*** Opening of Provided material ***

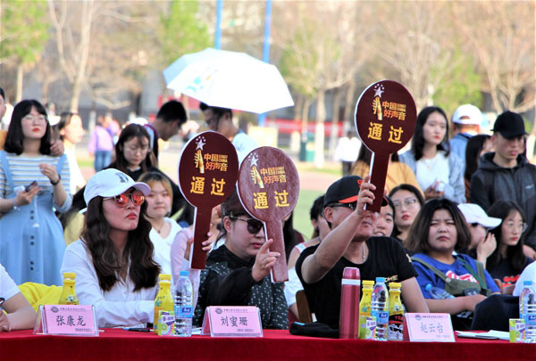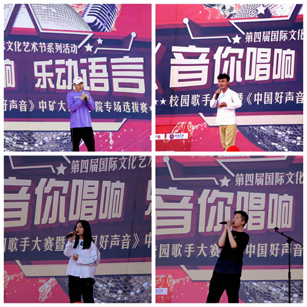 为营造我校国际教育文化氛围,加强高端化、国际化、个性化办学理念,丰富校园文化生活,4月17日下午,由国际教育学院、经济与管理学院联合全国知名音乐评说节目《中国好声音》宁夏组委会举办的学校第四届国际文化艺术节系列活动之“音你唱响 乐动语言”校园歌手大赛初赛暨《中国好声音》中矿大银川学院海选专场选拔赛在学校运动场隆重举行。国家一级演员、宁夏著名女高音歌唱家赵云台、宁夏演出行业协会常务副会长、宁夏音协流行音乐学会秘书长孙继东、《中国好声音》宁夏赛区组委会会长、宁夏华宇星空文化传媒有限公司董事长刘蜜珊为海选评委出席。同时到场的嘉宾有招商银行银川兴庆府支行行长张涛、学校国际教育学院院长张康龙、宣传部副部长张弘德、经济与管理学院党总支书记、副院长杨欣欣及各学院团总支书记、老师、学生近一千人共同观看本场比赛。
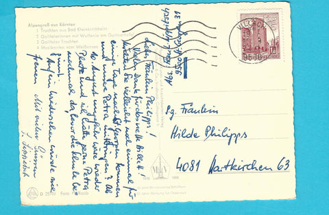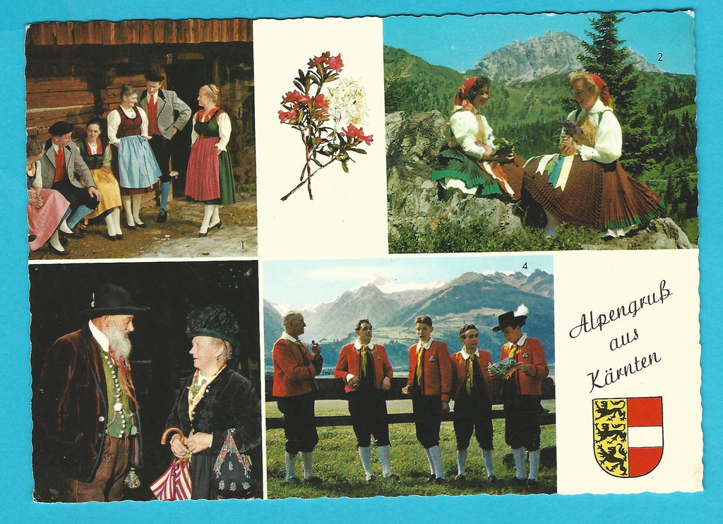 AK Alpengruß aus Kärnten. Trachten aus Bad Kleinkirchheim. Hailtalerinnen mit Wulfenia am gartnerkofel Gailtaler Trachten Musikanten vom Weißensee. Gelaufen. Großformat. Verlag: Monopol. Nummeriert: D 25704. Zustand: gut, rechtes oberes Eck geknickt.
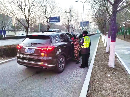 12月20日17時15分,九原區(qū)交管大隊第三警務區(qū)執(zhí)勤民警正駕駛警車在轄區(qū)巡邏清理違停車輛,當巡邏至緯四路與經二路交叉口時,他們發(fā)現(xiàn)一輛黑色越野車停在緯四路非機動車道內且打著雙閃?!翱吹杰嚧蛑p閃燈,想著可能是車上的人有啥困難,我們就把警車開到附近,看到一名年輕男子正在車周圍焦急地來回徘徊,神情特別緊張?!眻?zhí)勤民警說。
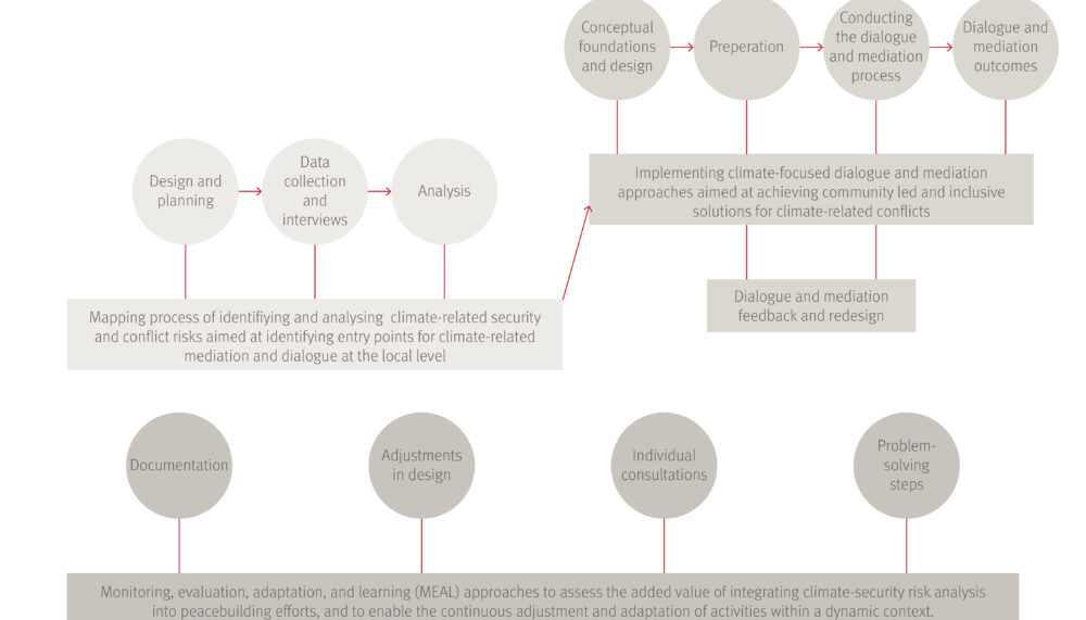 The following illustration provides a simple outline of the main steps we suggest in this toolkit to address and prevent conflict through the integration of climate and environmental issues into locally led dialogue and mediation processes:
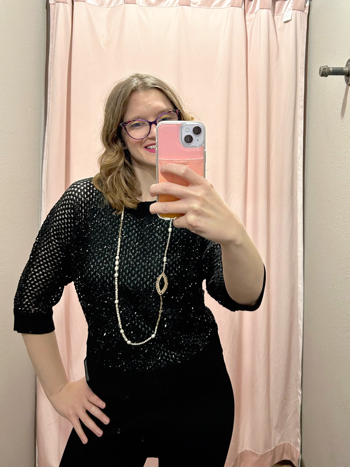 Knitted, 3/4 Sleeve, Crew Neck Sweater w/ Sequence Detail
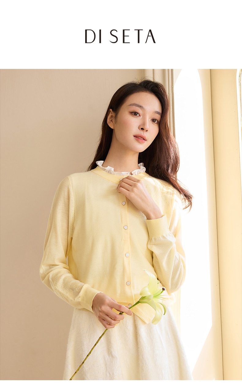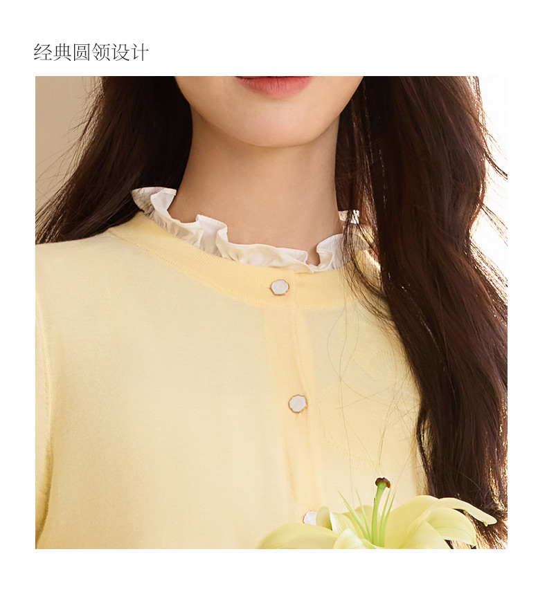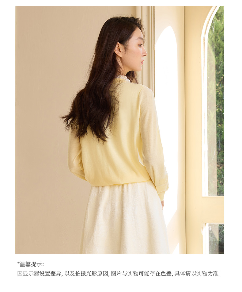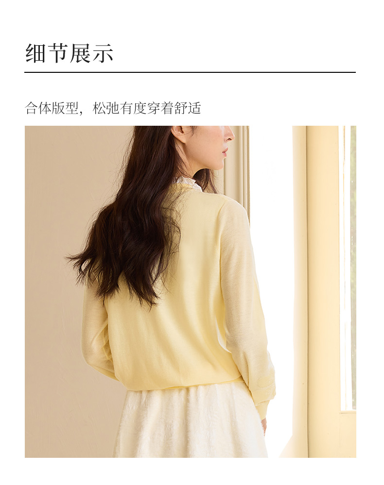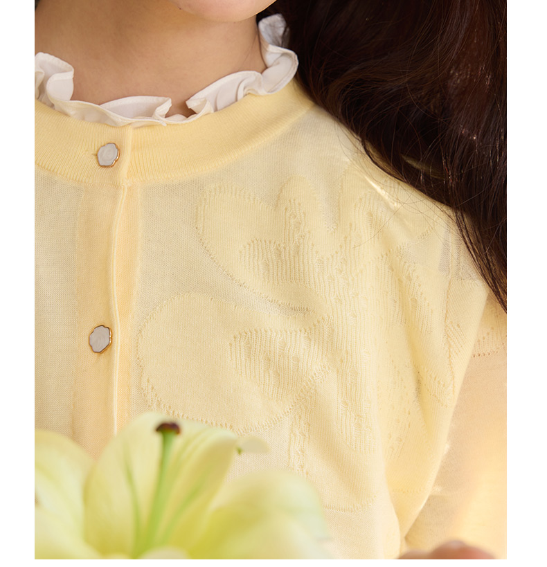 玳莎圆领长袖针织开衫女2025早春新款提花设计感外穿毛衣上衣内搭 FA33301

*** Close of Provided material ***
*** Opening of Provided material ***

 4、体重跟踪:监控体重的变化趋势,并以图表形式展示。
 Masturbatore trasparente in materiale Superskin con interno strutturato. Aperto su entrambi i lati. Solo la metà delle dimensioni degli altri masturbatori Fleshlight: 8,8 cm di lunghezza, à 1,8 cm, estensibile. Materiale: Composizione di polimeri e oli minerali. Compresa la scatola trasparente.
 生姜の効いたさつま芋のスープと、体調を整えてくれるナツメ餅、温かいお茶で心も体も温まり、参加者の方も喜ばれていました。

*** Close of Provided material ***

Aim of the task: Taking the entries above, copy word for word the lines from the one with "The following illustration" up to and including the one with "玳莎圆领长袖针织开衫女202", without any picture.

Result:
 The following illustration provides a simple outline of the main steps we suggest in this toolkit to address and prevent conflict through the integration of climate and environmental issues into locally led dialogue and mediation processes:
 Knitted, 3/4 Sleeve, Crew Neck Sweater w/ Sequence Detail
 玳莎圆领长袖针织开衫女2025早春新款提花设计感外穿毛衣上衣内搭 FA33301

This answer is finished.